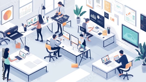 High-tech graphic design studio with designers working on business branding projects, creativity meets technology., clean lines, simple shapes,
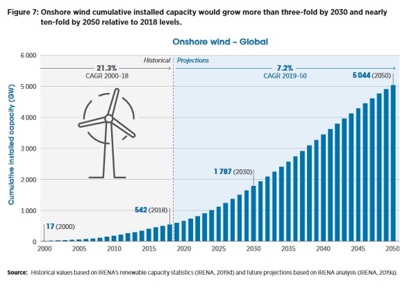 Projections from IRENA predict that by 2050, total installed capacity could grow
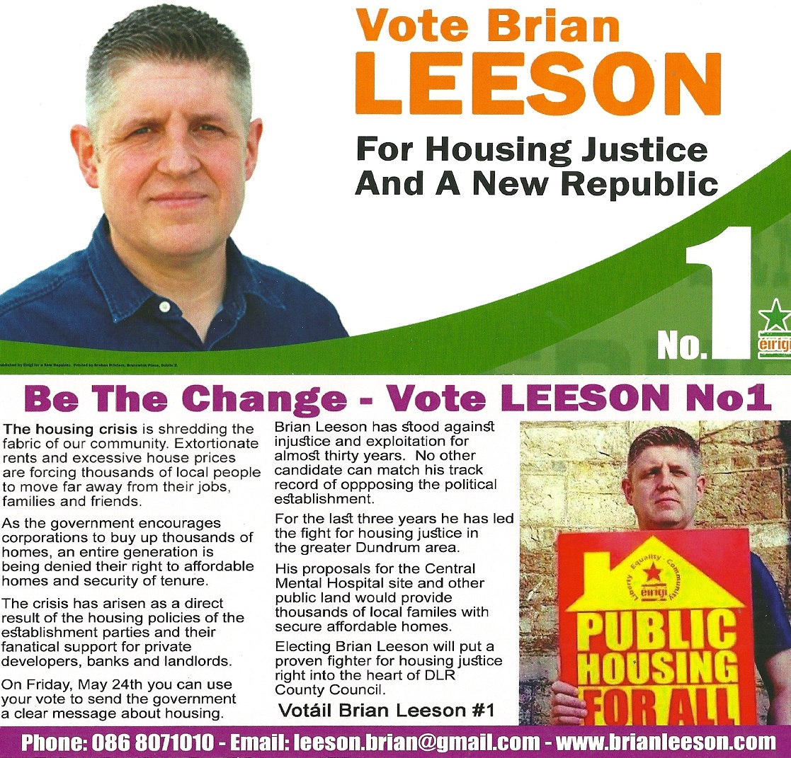 A Leaflet from Brian Leeson who is running for Éirígí in Dundrum for a seat on Dun Laoghaire Rathdown County Council.

What is needed: The exact lines from the beginning of the data through the one that contains "Projections from IRENA" must be given again, both ends included, and pictures must be left out.

Answer below:
 High-tech graphic design studio with designers working on business branding projects, creativity meets technology., clean lines, simple shapes,
 Projections from IRENA predict that by 2050, total installed capacity could grow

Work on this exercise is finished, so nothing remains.